United States v. Christie Indus., Inc., 465 F.2d 1002, 1006--07 (3d Cir. 1972).
Here there is no dispute that this court's April 27, 2009 order was valid and known to Michael Foods. The only issue is whether Michael Foods' conduct constitutes disobedience of the order. Plaintiff argues that Michael Foods' May 1, 2009 letters to Feesers (Contempt Hrg. Exs. P3, 4), make clear that it is attempting to extort an agreement from Feesers to acquiesce in the higher prices, and that Michael Foods' continued sales to Feesers through Dot Foods constitute tertiary discrimination in violation of the order. The court agrees.
Michael Foods disobeyed the court's injunction by requiring Feesers to accept the unlawfully higher prices as a condition of continued sales pending appeal. In its briefs, Michael Foods characterizes this action as an attempt to seek a stay pending appeal of this court's decision. Michael Foods' reasoning is specious. Its attorneys are well versed in the requirements of the Federal Rules of Civil Procedure. They were aware that the proper course of action would have been to seek a stay of the injunction pursuant to Fed. R. Civ. P. 62(c), which provides that an injunction may only be stayed "on terms for bond or other terms that secure the opposing party's rights." Instead, Michael Foods chose a path intended to circumvent this court's order and to continue its unlawful price discrimination by selling its products to Feesers at a higher price than Sodexho. These actions constituted contempt of the April 27, 2009 order.

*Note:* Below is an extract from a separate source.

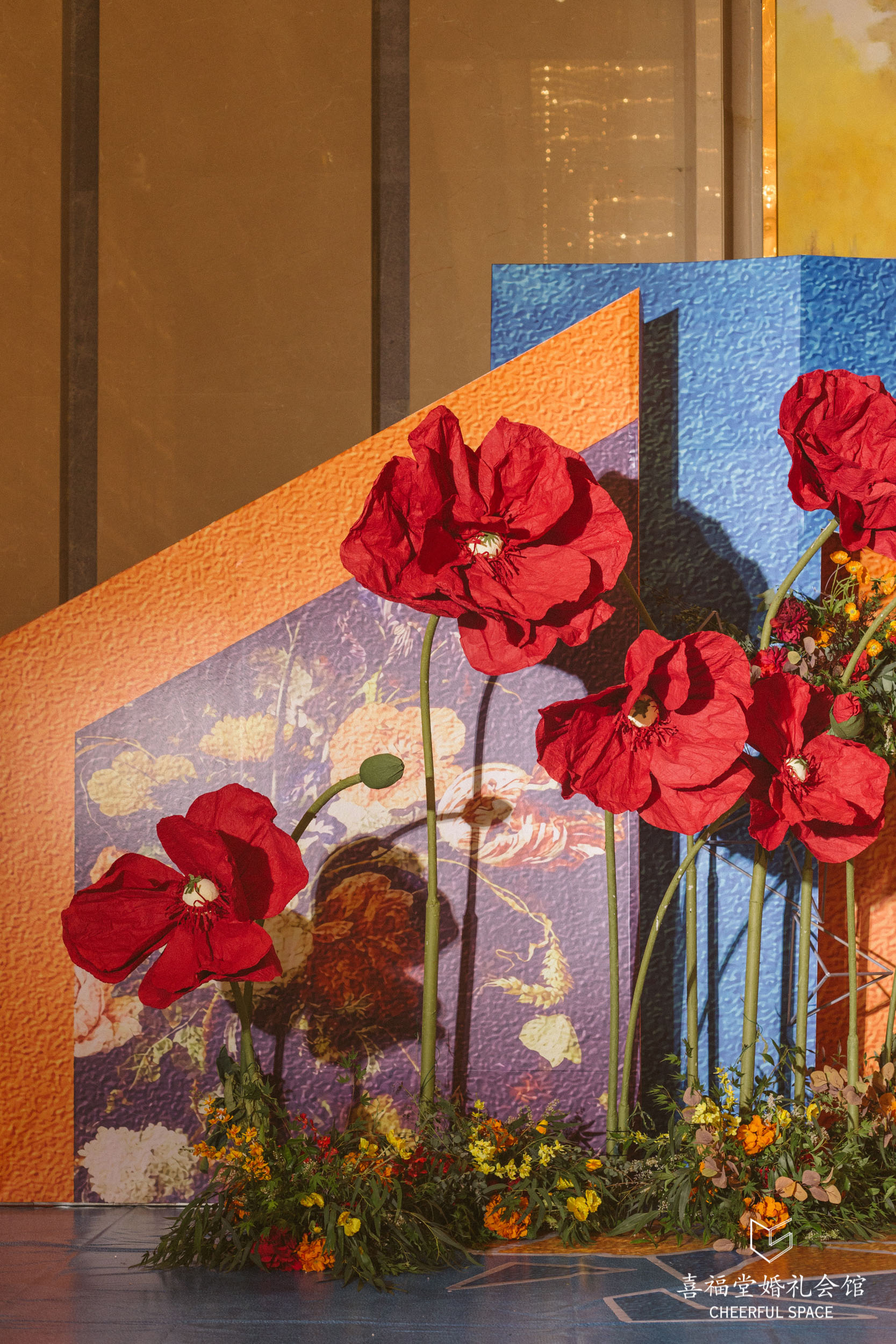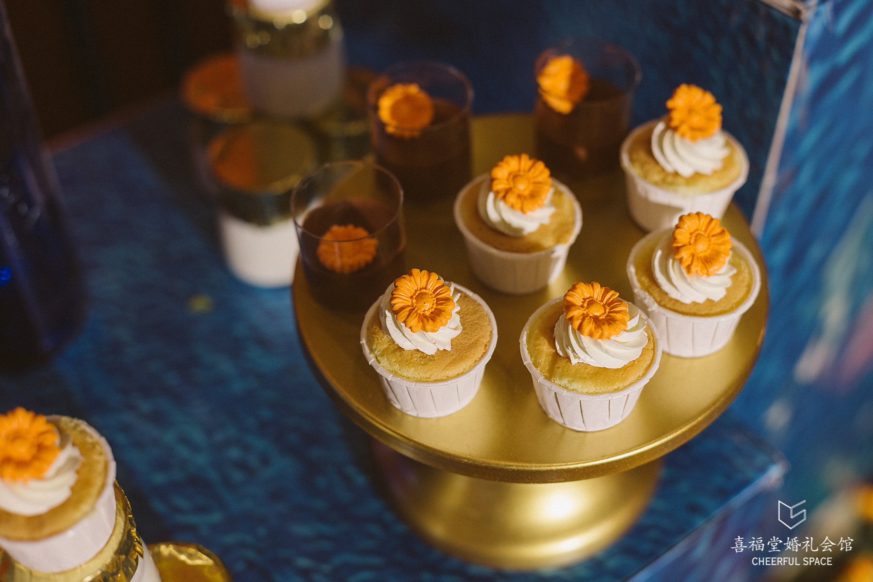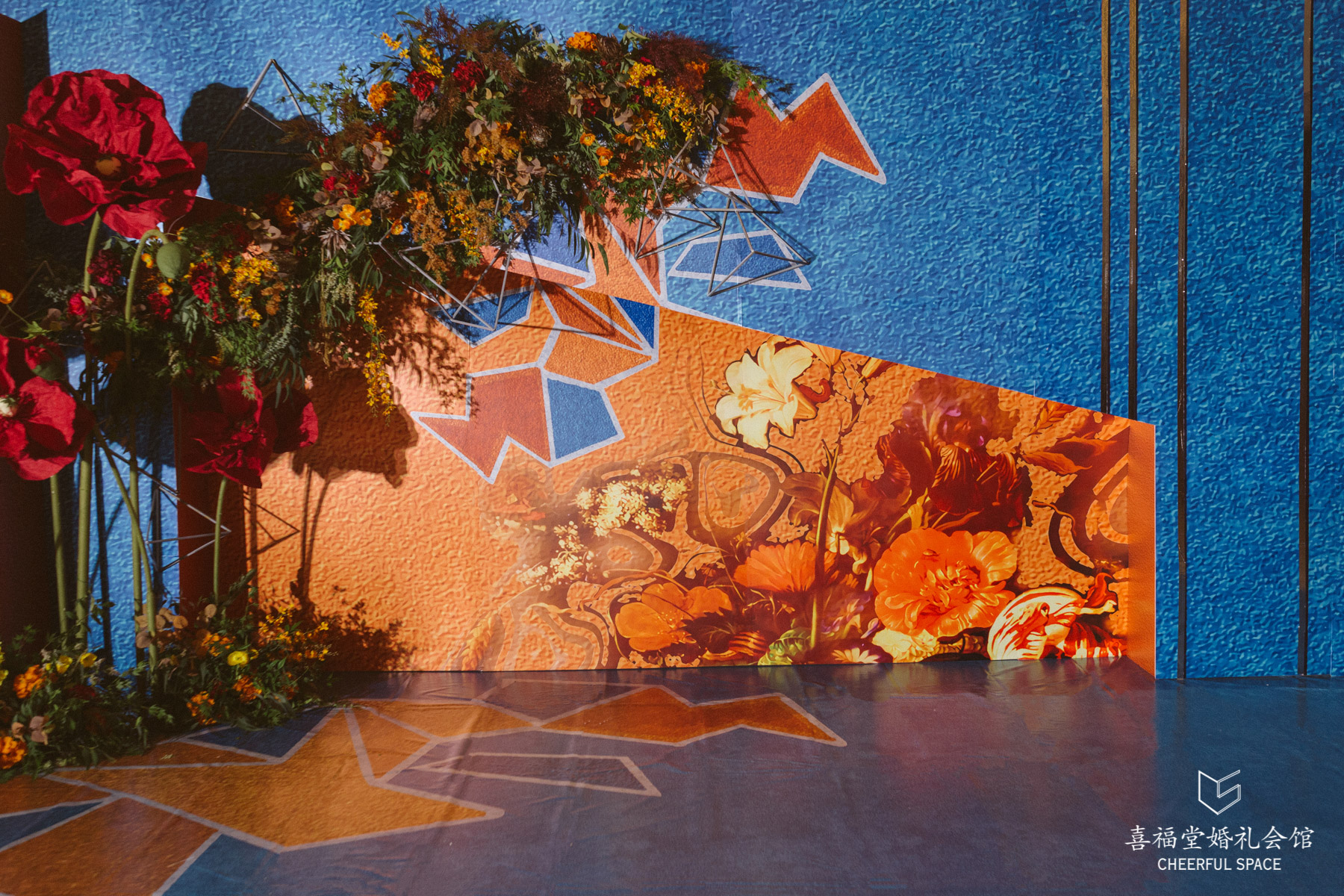 融合一贯的“定制婚礼”的概念,婚礼蛋糕是精心设计的油画风,配色也与婚礼现场相匹配。

Ultimately, Michael Foods terminated its direct sales to Feesers altogether after Feesers sought relief in this court. However, Michael Foods continues to violate the order through its ongoing sales to Feesers through third parties such as Dot Foods. Section 2(a) of the Robinson-Patman Act makes it unlawful "to discriminate in price between different purchasers of like grade and quality . . . where the effect of such discrimination may be substantially to lessen competition . . . with any person who either grants or knowingly receives the benefit of such discrimination, or with customers of either of them." 15 U.S.C. § 13(a). Thus, tertiary price discrimination, or a price disparity that lessens competition between the customers of a seller's customers, is also unlawful under the RobinsonPatman Act. See, e.g., Perkins v. Standard Oil Co. of Ca., 395 U.S. 642 (1969) (finding price discrimination where disparity impaired competition between the customers of the customers of the seller's favored and disfavored purchasers). In Perkins, the Supreme Court made clear that a seller cannot insulate itself from a charge of price discrimination simply by adding an additional link in the supply chain. Id. at 648.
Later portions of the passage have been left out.